What the task asks = An exact retyping of all lines below is the answer; pictures do not belong in it.
Data shown Block Start
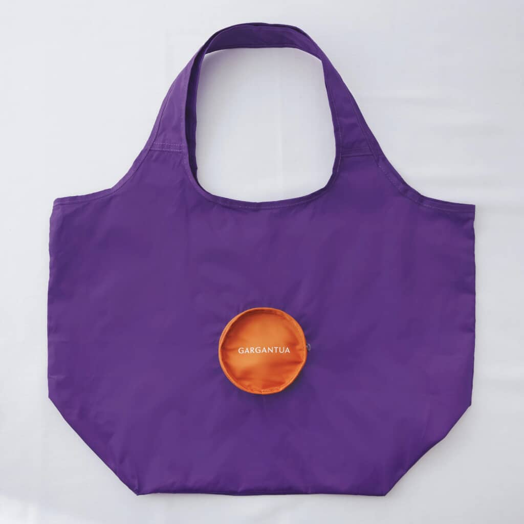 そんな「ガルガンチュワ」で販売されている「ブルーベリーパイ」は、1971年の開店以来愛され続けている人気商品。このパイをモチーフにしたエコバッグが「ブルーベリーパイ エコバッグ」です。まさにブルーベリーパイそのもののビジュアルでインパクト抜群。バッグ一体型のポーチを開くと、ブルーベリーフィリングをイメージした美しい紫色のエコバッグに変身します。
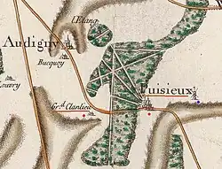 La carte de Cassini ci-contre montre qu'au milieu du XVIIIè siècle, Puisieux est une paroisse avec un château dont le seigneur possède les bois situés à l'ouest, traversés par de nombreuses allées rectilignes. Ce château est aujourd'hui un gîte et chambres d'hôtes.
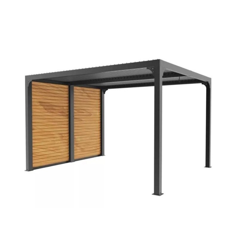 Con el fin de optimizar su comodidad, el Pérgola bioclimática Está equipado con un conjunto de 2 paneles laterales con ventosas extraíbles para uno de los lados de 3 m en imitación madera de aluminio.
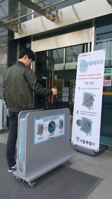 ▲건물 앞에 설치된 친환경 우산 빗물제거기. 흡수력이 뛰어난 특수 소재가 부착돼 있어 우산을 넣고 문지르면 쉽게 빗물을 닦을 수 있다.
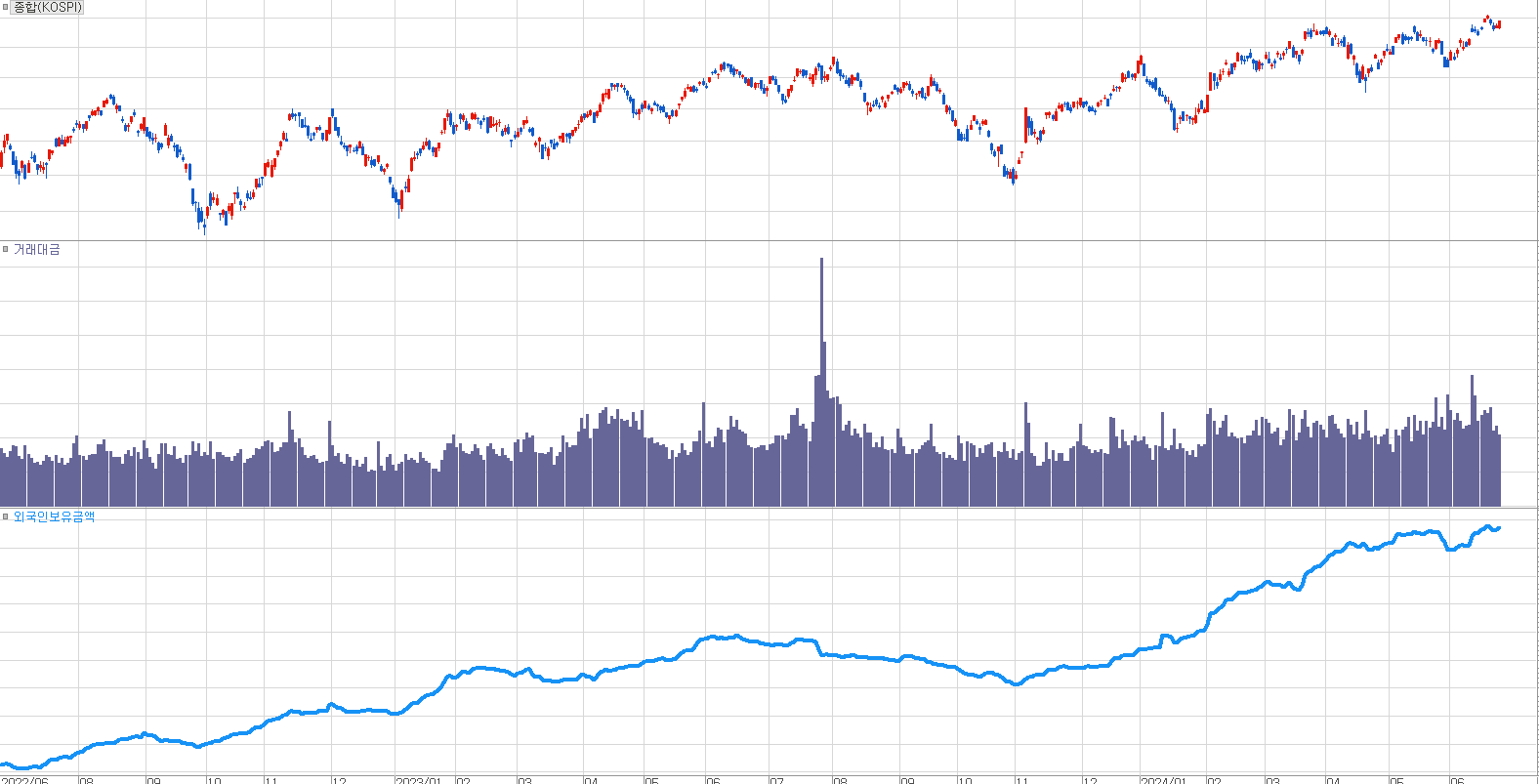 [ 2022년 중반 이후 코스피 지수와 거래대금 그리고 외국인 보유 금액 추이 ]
Data shown Block End
Exercise result =
 そんな「ガルガンチュワ」で販売されている「ブルーベリーパイ」は、1971年の開店以来愛され続けている人気商品。このパイをモチーフにしたエコバッグが「ブルーベリーパイ エコバッグ」です。まさにブルーベリーパイそのもののビジュアルでインパクト抜群。バッグ一体型のポーチを開くと、ブルーベリーフィリングをイメージした美しい紫色のエコバッグに変身します。
 La carte de Cassini ci-contre montre qu'au milieu du XVIIIè siècle, Puisieux est une paroisse avec un château dont le seigneur possède les bois situés à l'ouest, traversés par de nombreuses allées rectilignes. Ce château est aujourd'hui un gîte et chambres d'hôtes.
 Con el fin de optimizar su comodidad, el Pérgola bioclimática Está equipado con un conjunto de 2 paneles laterales con ventosas extraíbles para uno de los lados de 3 m en imitación madera de aluminio.
 ▲건물 앞에 설치된 친환경 우산 빗물제거기. 흡수력이 뛰어난 특수 소재가 부착돼 있어 우산을 넣고 문지르면 쉽게 빗물을 닦을 수 있다.
 [ 2022년 중반 이후 코스피 지수와 거래대금 그리고 외국인 보유 금액 추이 ]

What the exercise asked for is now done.